Task brief —
In the entries below, find the line with "玩球网4月10日讯在英超第3" and the line with "Un dessin de"; copy them and every line between them exactly, but not the pictures.

Data excerpts —
>>>>>
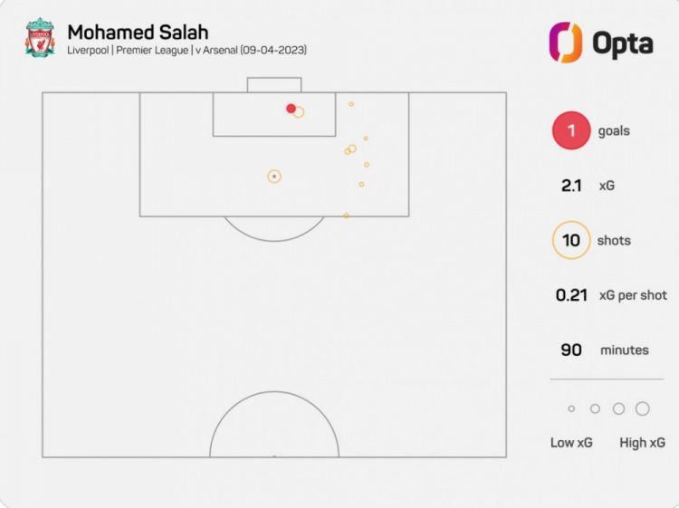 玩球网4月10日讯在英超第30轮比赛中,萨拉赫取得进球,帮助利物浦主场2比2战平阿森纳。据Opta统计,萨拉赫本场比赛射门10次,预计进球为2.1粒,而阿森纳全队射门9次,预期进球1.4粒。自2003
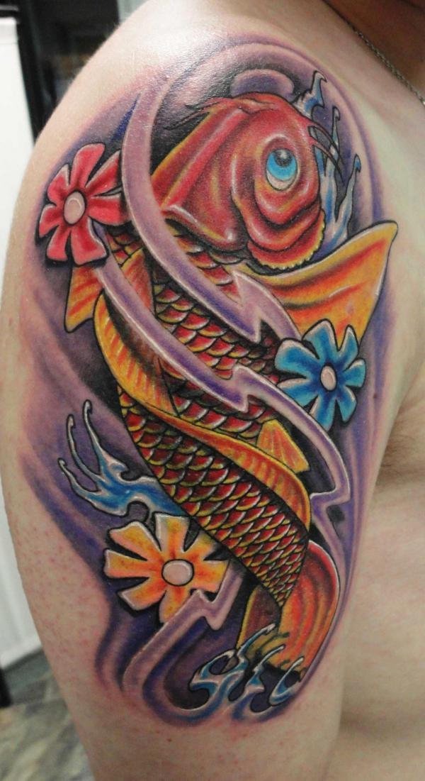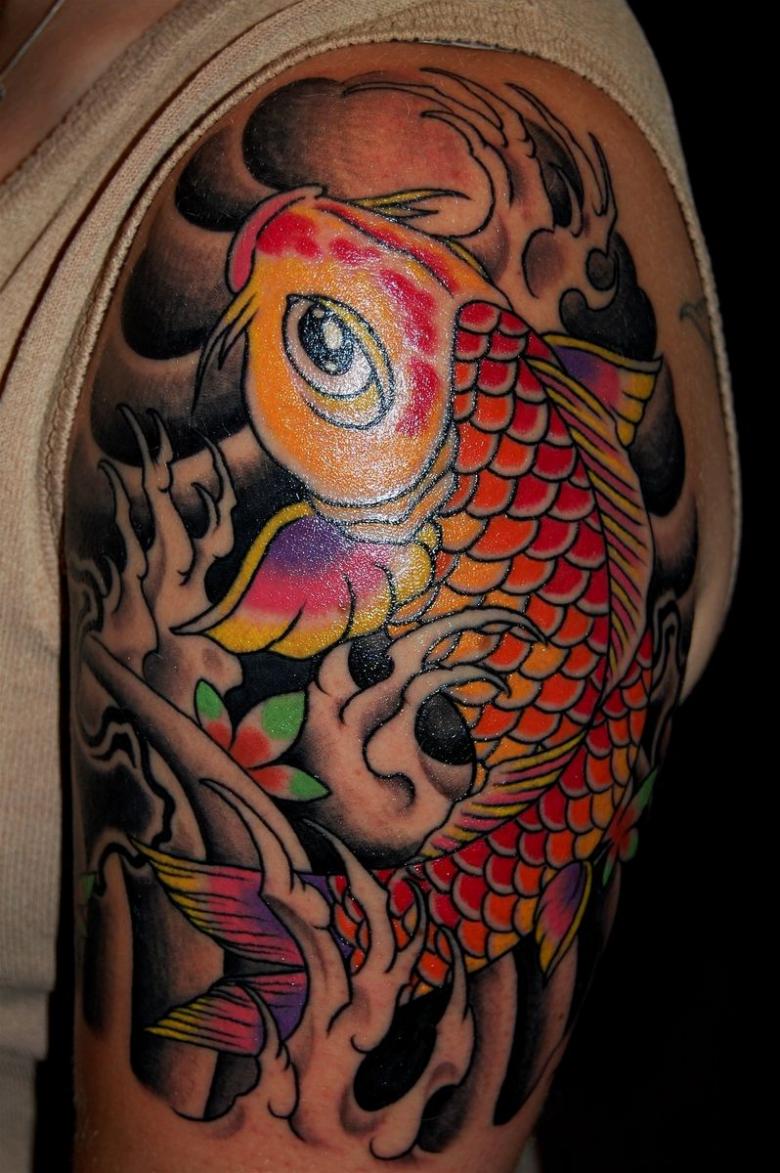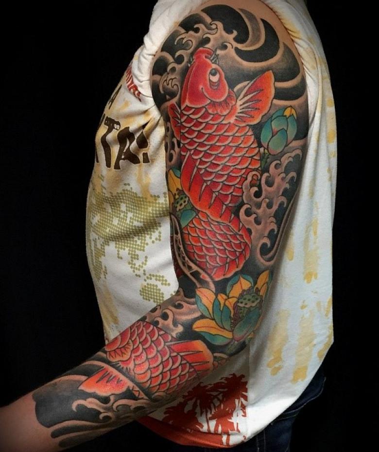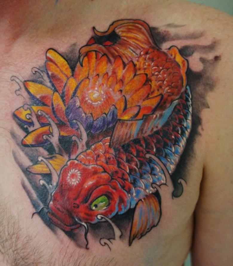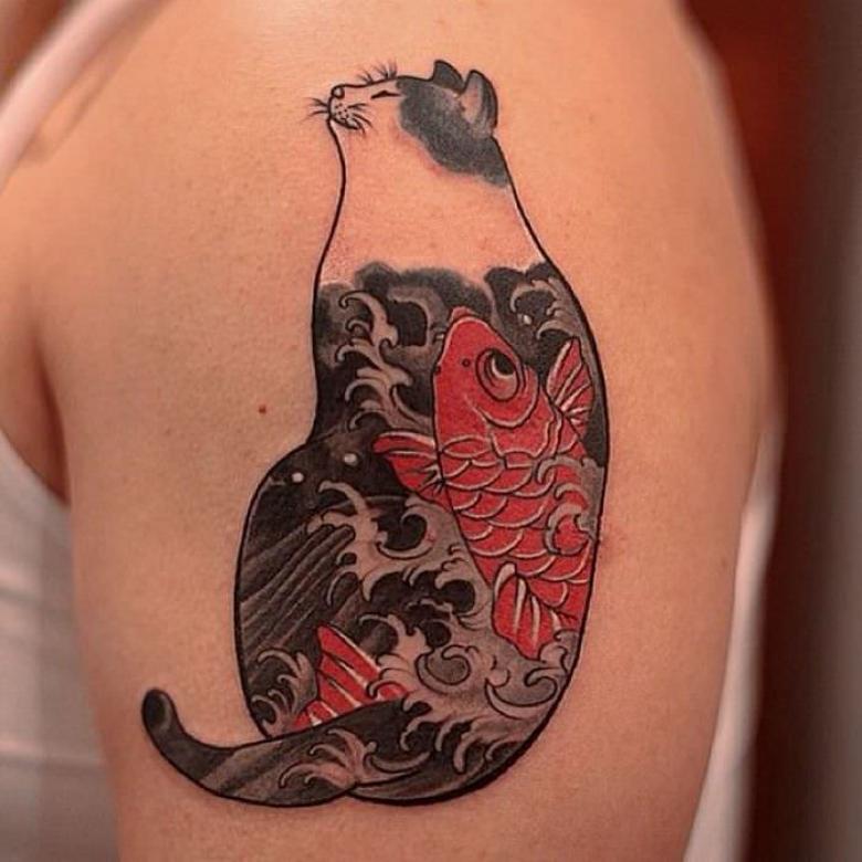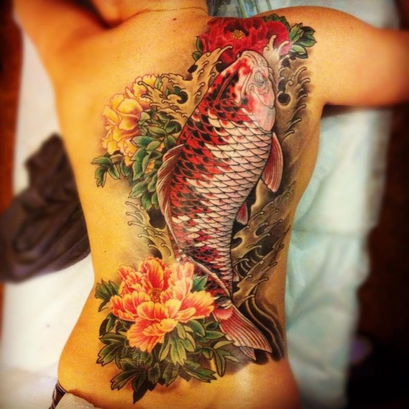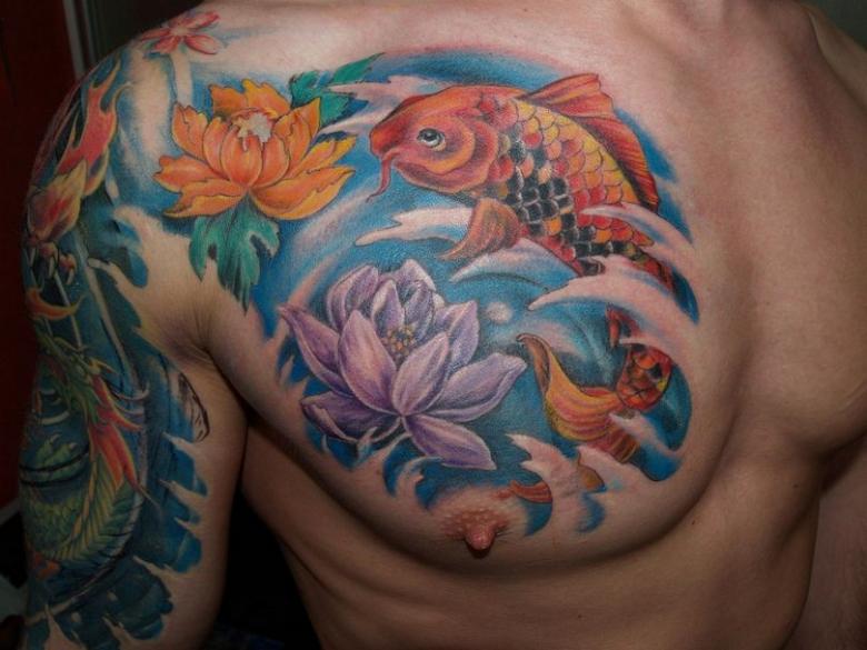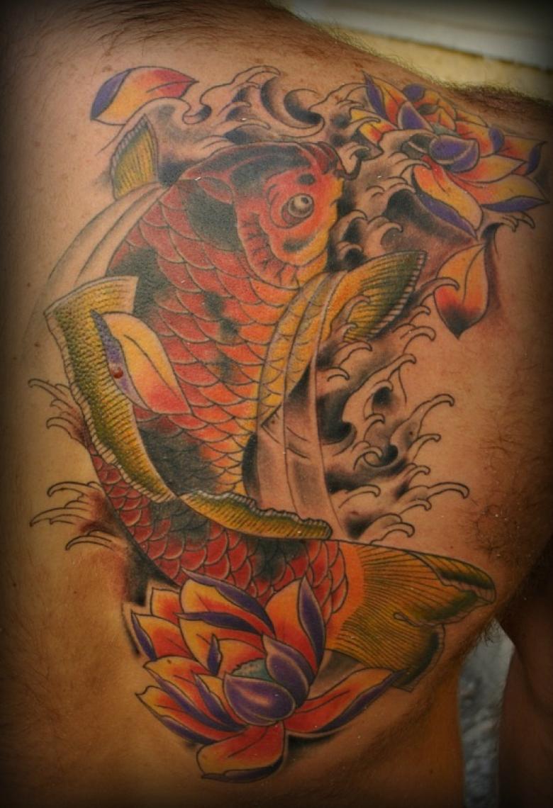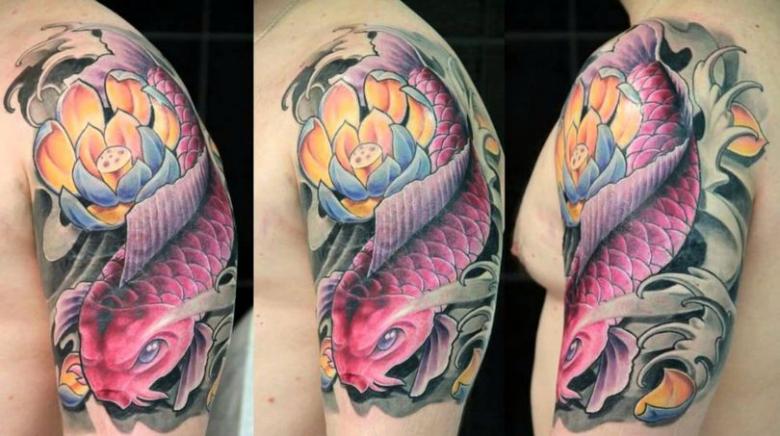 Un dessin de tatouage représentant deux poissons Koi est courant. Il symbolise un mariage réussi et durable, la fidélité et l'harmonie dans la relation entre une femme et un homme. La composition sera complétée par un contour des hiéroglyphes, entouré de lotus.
<<<<<
>>>>>
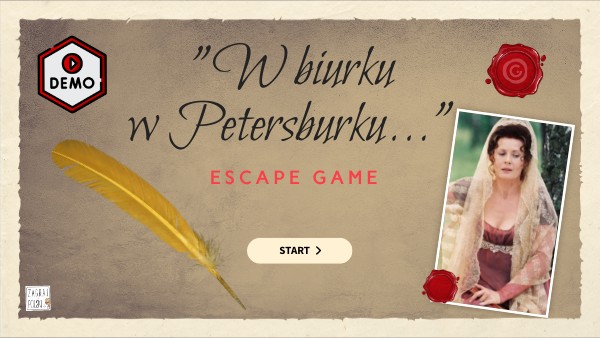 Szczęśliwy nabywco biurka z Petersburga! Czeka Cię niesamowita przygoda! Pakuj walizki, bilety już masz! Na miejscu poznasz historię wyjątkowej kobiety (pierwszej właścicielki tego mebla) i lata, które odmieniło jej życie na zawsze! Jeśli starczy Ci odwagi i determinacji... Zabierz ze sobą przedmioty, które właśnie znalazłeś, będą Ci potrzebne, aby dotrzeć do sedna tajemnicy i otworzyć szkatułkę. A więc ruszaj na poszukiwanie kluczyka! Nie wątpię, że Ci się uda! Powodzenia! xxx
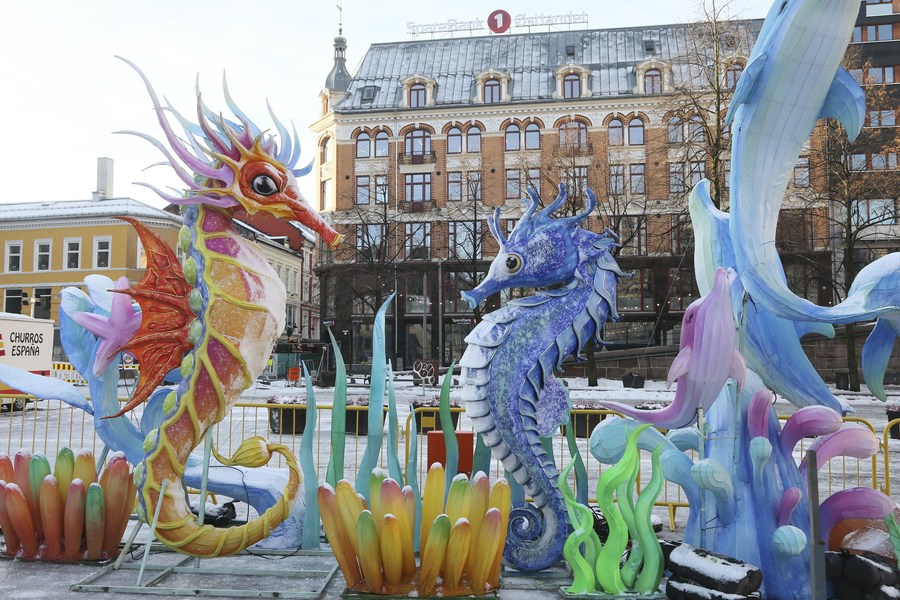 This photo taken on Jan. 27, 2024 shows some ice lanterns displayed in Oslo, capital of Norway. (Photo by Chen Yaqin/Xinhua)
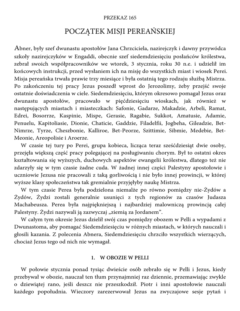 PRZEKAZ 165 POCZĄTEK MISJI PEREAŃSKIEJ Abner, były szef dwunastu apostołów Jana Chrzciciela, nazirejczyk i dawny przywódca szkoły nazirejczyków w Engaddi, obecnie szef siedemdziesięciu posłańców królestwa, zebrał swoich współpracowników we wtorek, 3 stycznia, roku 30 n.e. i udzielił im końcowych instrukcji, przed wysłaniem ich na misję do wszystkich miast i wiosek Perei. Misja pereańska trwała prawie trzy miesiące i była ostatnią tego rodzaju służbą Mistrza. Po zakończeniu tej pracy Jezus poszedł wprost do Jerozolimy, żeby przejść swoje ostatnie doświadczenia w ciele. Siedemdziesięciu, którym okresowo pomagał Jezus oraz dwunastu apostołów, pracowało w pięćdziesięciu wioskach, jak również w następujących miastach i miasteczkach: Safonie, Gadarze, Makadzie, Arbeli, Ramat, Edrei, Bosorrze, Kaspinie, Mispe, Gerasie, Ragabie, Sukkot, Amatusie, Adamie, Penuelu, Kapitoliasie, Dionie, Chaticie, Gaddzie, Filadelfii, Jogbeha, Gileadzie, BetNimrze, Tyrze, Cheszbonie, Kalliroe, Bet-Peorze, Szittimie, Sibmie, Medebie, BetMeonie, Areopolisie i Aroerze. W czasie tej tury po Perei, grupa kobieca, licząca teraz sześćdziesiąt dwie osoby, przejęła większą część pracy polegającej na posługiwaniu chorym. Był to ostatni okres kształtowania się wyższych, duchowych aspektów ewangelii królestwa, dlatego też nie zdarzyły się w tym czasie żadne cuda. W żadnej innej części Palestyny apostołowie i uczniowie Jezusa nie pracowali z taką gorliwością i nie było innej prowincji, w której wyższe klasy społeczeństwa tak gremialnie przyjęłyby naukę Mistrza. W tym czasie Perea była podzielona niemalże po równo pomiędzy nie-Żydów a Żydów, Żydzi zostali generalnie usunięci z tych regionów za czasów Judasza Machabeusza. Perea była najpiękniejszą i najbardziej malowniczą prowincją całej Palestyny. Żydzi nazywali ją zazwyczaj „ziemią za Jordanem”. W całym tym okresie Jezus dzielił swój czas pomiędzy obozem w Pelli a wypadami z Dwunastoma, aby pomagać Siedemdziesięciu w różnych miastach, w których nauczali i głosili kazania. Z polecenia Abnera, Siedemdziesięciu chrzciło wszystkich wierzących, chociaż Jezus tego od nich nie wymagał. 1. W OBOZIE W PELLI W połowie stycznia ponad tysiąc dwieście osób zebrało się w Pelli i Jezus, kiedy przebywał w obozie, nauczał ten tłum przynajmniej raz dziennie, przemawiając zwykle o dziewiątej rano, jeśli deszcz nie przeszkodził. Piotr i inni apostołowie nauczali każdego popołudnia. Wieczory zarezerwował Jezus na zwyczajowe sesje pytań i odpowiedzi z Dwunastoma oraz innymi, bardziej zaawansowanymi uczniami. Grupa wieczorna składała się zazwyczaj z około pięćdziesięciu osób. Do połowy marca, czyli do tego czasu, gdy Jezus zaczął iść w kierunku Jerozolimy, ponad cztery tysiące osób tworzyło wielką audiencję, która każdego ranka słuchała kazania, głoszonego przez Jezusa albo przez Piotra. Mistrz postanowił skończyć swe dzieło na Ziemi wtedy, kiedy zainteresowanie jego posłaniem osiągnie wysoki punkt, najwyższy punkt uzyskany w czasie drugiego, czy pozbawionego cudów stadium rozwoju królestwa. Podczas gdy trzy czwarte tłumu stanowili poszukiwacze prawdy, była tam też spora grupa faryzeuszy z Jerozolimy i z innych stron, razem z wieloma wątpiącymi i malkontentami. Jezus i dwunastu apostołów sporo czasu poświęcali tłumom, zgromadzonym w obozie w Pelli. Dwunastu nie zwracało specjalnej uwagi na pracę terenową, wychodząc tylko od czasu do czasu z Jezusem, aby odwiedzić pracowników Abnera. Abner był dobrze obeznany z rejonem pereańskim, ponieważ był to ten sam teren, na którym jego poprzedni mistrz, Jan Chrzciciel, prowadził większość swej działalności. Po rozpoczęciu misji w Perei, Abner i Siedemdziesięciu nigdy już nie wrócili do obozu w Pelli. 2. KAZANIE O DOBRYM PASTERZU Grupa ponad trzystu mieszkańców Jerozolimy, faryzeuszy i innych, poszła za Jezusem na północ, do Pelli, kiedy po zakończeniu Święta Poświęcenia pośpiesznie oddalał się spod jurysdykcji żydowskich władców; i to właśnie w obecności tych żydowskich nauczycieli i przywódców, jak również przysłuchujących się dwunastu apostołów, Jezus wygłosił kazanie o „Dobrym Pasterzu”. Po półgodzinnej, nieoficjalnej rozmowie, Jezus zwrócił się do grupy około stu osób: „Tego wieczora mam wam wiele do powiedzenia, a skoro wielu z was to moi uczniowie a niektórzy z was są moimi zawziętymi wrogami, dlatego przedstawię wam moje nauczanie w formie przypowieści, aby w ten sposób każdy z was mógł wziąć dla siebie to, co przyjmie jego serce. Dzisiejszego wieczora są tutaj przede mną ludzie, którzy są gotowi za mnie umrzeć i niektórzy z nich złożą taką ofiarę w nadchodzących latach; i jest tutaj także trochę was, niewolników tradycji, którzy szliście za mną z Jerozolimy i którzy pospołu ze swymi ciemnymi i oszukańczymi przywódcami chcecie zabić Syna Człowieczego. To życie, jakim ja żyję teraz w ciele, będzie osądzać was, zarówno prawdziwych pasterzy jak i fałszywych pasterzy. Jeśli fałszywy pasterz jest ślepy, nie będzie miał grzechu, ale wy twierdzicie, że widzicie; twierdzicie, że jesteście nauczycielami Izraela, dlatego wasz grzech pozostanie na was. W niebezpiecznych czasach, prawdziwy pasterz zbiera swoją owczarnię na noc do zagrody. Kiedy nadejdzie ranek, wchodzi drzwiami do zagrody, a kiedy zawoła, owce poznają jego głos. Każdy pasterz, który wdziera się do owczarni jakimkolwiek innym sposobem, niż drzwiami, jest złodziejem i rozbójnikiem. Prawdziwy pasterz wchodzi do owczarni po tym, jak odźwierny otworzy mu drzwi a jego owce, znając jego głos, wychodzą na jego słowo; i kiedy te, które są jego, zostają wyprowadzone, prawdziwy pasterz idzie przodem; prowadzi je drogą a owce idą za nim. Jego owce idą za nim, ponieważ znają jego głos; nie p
<<<<<
>>>>>
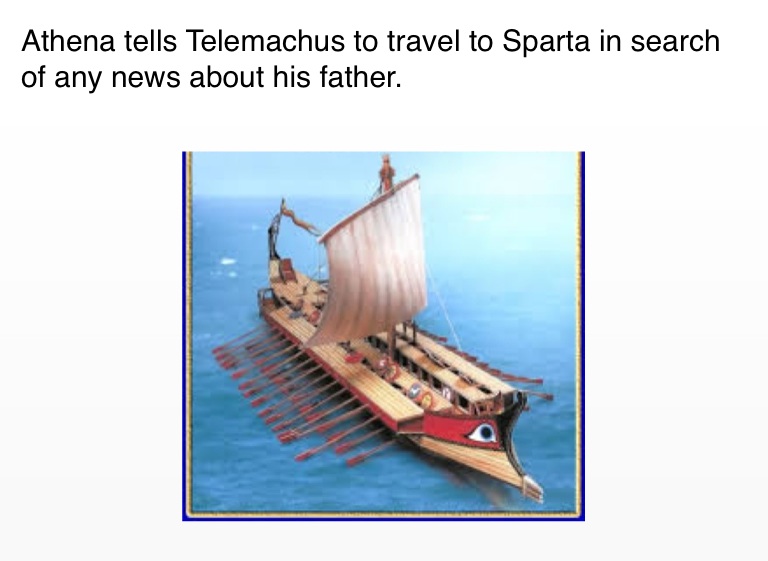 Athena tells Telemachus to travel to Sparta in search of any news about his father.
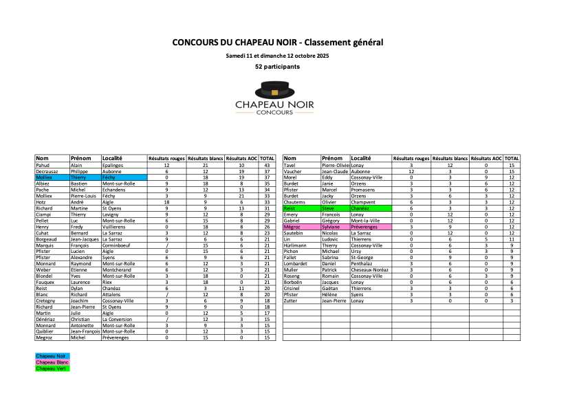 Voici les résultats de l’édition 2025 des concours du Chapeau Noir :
<<<<<
Answer for the task —
 玩球网4月10日讯在英超第30轮比赛中,萨拉赫取得进球,帮助利物浦主场2比2战平阿森纳。据Opta统计,萨拉赫本场比赛射门10次,预计进球为2.1粒,而阿森纳全队射门9次,预期进球1.4粒。自2003
 Un dessin de tatouage représentant deux poissons Koi est courant. Il symbolise un mariage réussi et durable, la fidélité et l'harmonie dans la relation entre une femme et un homme. La composition sera complétée par un contour des hiéroglyphes, entouré de lotus.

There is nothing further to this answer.